▶ **What is expected**
Up to and including the line that holds "Modern Style 4-in-1", copy every line of the records below exactly, starting at the first; leave pictures out.

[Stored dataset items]

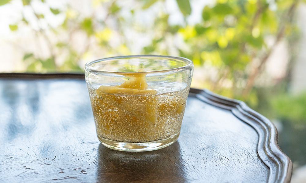 お酒を飲み終わったらウイスキーがしみ込んだ半解凍のパインをデザートとしてお楽しみいただけます。
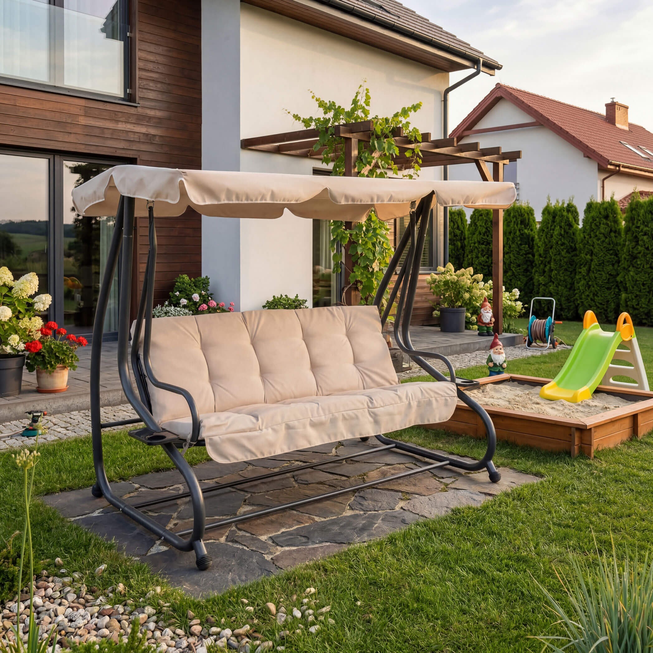 Huśtawka ogrodowa GRACJA – luksusowy relaks z funkcją spania
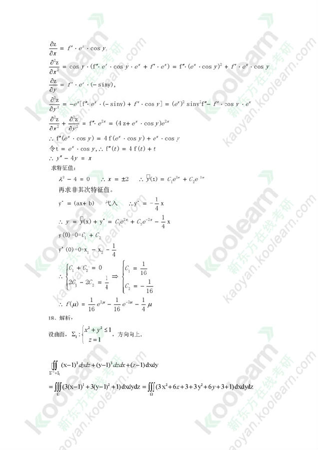 2014年全国硕士研究生入学统一考试数学一真题答案(图片)
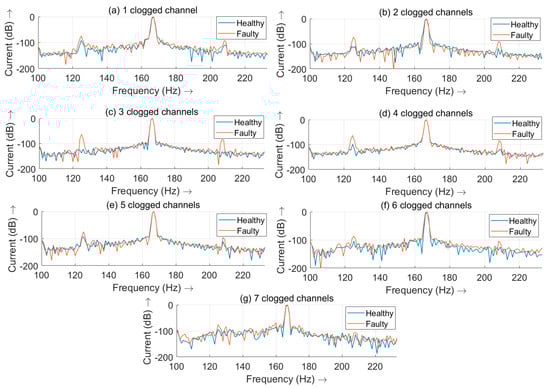 MCSA of a pump with a different number of clogged impeller channels at a speed of 2500 rpm and corresponding healthy variant with the same power consumption: (a–g) 1–7 clogged channels.
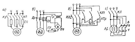 Рис.14.9 Схемы пуска асинхронного двигателя при пониженном напряжении
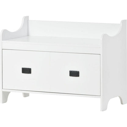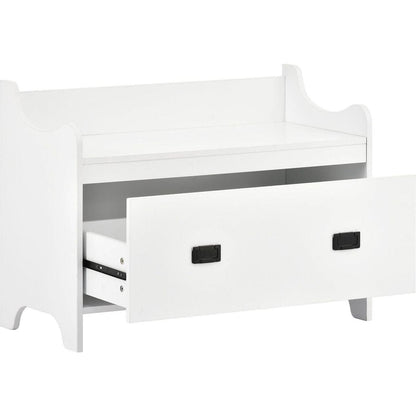 Modern Style 4-in-1 Multiple Functions Hallway Coat Rack with Seven Metal Black Hooks, Entryway Bench Hall Tree with Ample Storage Drawer, White
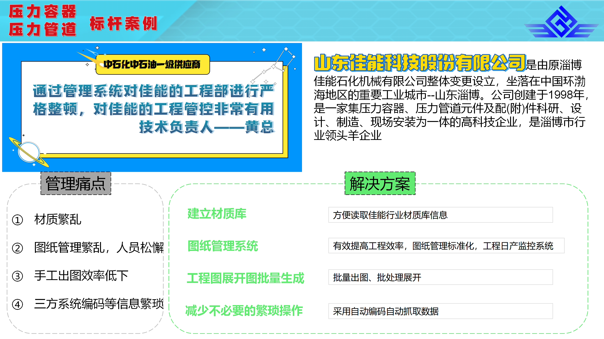 山東佳能科技股份有限公司創(chuàng)建于1998年,是一家集壓力容器、壓力管道元件及配(附)件科研、設(shè)計(jì)、制造、現(xiàn)場安裝為一體的高科技企業(yè),是淄博市行業(yè)龍頭企業(yè)。
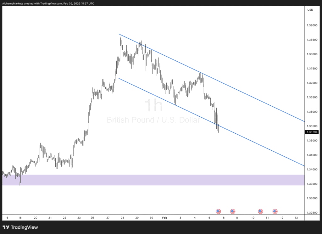 The 4-hour chart shows the pair trading inside a clear descending channel, now sitting around 1.3536. This pattern signals that sellers remain in control for now.

▶ **Finished exercise**
 お酒を飲み終わったらウイスキーがしみ込んだ半解凍のパインをデザートとしてお楽しみいただけます。
 Huśtawka ogrodowa GRACJA – luksusowy relaks z funkcją spania
 2014年全国硕士研究生入学统一考试数学一真题答案(图片)
 MCSA of a pump with a different number of clogged impeller channels at a speed of 2500 rpm and corresponding healthy variant with the same power consumption: (a–g) 1–7 clogged channels.
 Рис.14.9 Схемы пуска асинхронного двигателя при пониженном напряжении
 Modern Style 4-in-1 Multiple Functions Hallway Coat Rack with Seven Metal Black Hooks, Entryway Bench Hall Tree with Ample Storage Drawer, White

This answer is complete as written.